The Yiriman Project

The Yiriman Project is based in the Kimberley region of Western Australia, a State where ‘Aboriginal young people make up just over 6 per cent of 10 to 17-year-olds, but account for more than three quarters of those in juvenile detention’ (Thorburn and Marshall 2017: 1). The Project was initially established in 2000 by Aboriginal Elders representing four Kimberley language groups the Nyikina, Mangala, Karajarri and Walmajarri. The Elders shared concerns for their children and young people and:

Believing in the power of their own Culture and of Country to heal their own young people, the Elders began taking young people out on to Country, travelling over Country by foot, camel or vehicle, teaching and speaking in language, visiting ancestral sites, storytelling, engaging in traditional song and dance, preparing young people for ceremony and law practices, teaching traditional crafts, tracking, hunting, and preparing traditional bush tucker, practicing bush medicine, and passing on knowledge to the younger generations.

(Yiriman Project 2017: up)

If a shared sense of unease around the ‘cultural drift’ of Aboriginal children and people underpinned the founding of the Yiriman Project, in the 20 years since its inception:

a raft of other commonly identified concerns is regularly addressed [including]: suicide rates; contact with the justice system; health and wellbeing; family relationships and conflict resolution; self-esteem and confidence; substance abuse; and rates of training/education.

(Thorburn and Marshall 2017: 6)

As Thorburn and Marshall (2017: 4) observe, the Project might not ‘“fit” comfortably into contemporary government language or policy directions’, but its longevity reflects the faith that Aboriginal Elders have invested and sustained and ‘the project has been praised by the Productivity Commission as a “project that works”... it was a winner in the 2012 Indigenous Governance Awards, and [it] was also cited in the March 2015 National Mental Health Commission Report... as an exemplar of national best practice for working with Aboriginal youths at risk’ (ibid: 3). Indeed, as the researchers conclude: ‘the Yiriman Project could form the basis of a much broader regional Justice Reinvestment strategy’ (ibid: 6. See also Schwartz et al. 2017).

The Maranguka lustice Reinvestment Project

Justice reinvestment takes a different localised approach to the application of positive power and the realisation of self-determination, by moving beyond the courts and the conventional apparatus of youth justice and penality and engaging with broader processes of community development (Brown et al. 2016).
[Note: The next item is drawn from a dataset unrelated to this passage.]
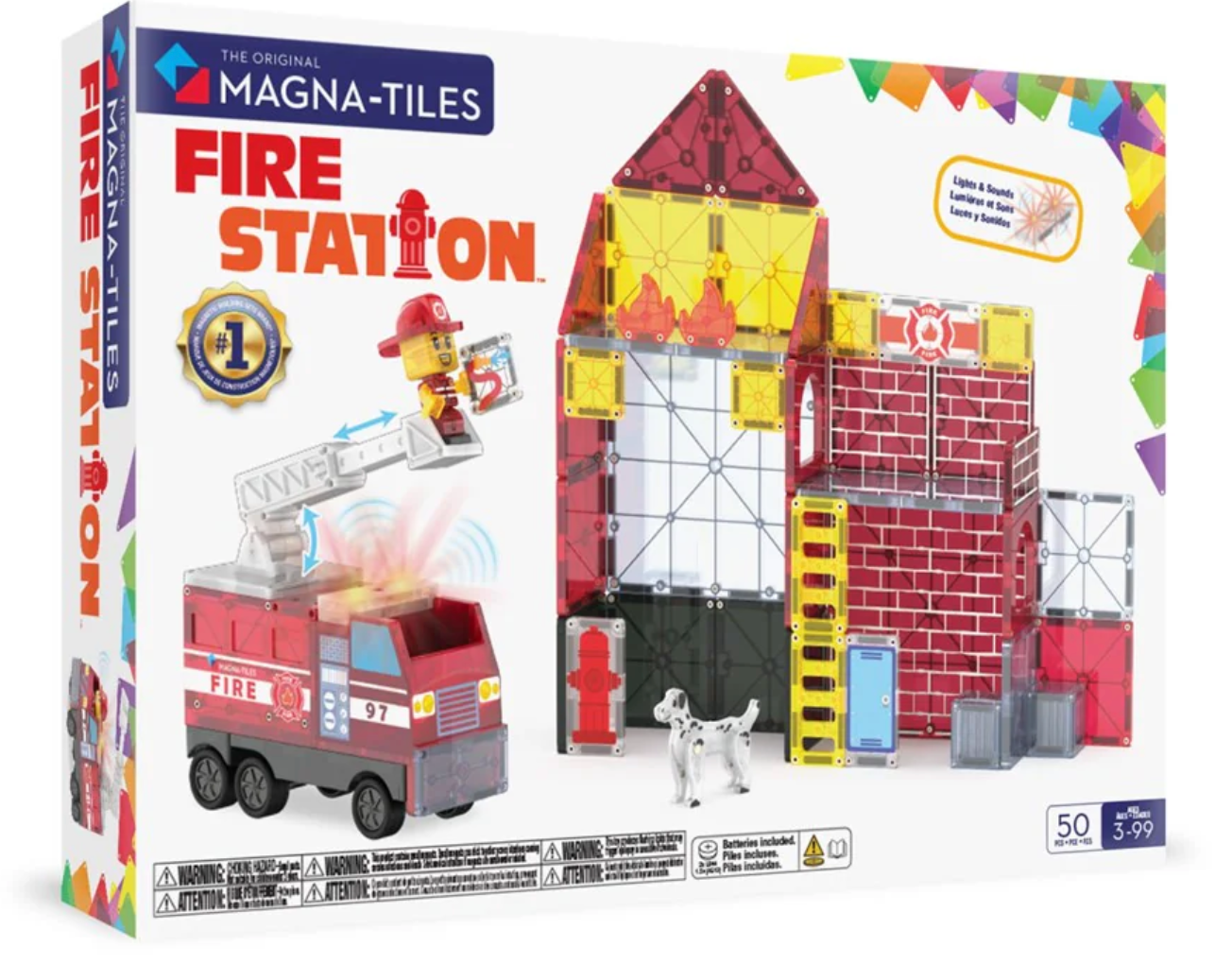 Step into action with the MAGNA-TILES Fire Station 50-Piece Set! Create custom rescue vehicles with the all-new modular Fire Truck, complete with an extendable ladder to tackle towering blazes. Bring playtime to life with the Light & Sound Tile, featuring flashing lights and a siren for an authentic firefighting experience. Complete with a Firefighter Figure and their trusty magnetic Dalmatian companion. use the easy-to-use microMAGS Cubes, attachable Fire Tiles and functional Ladders and Fence to create dramatic, fun-filled rescue operations. The Fire Station Set sparks imaginative play, making every child the hero of their MAGNA-TILES world! Pair it with the MAGNA-TILES Police Station to complete your city and create a world of teamwork and adventure!

The Maranguka JR Project, located in the remote town of Bourke in north-west New South Wales, is ‘the first major pilot site in Australia to adapt and implement an Aboriginal-led place-based model of justice reinvestment’ (KPMG 2018: 6). Bourke is situated on the Darling River at the traditional boundary area for the Ngemba, Murrawarri, Budgiti and Barkinji Tribal Groups. The population of the Bourke Shire is 2,634, of which 829 people are Aboriginal and Torres Strait Islander (an Indigenous population share of approximately 31.5 per cent, compared to 2.9 per cent across the State of New South Wales) (KPMG 2018: 8). For over two decades, the Aboriginal and Torres Strait Islander communities have been overrepresented in the very criminal/youth justice systems that have denied them opportunities to participate actively and to affect justice-based issues. Accordingly, a coalition of local Aboriginal leaders and state-wide organisations identified that a new approach was needed. Through a partnership with Just Reinvest NSW and guided by the Bourke Tribal Council - comprising representatives from 27 different Tribal Groups living in Bourke - the Maranguka JR Project was born. Maranguka means ‘caring for others’ in the local Ngemba language.

KPMG (2018: 8) note:

The primary focus of the Maranguka JR Project has been the design and implementation of long-term system change. This includes the empowerment of community through self-governance linked with practical action and positive role modelling. These activities work in tandem with changing the way the... justice systems operate - from program design and delivery models, to police force procedures, ways of thinking and court processes. The Maranguka JR Project activities are underpinned by the ‘Growing Our Kids Up Safe, Smart and Strong’ Strategy, which was developed by the Bourke Tribal Council.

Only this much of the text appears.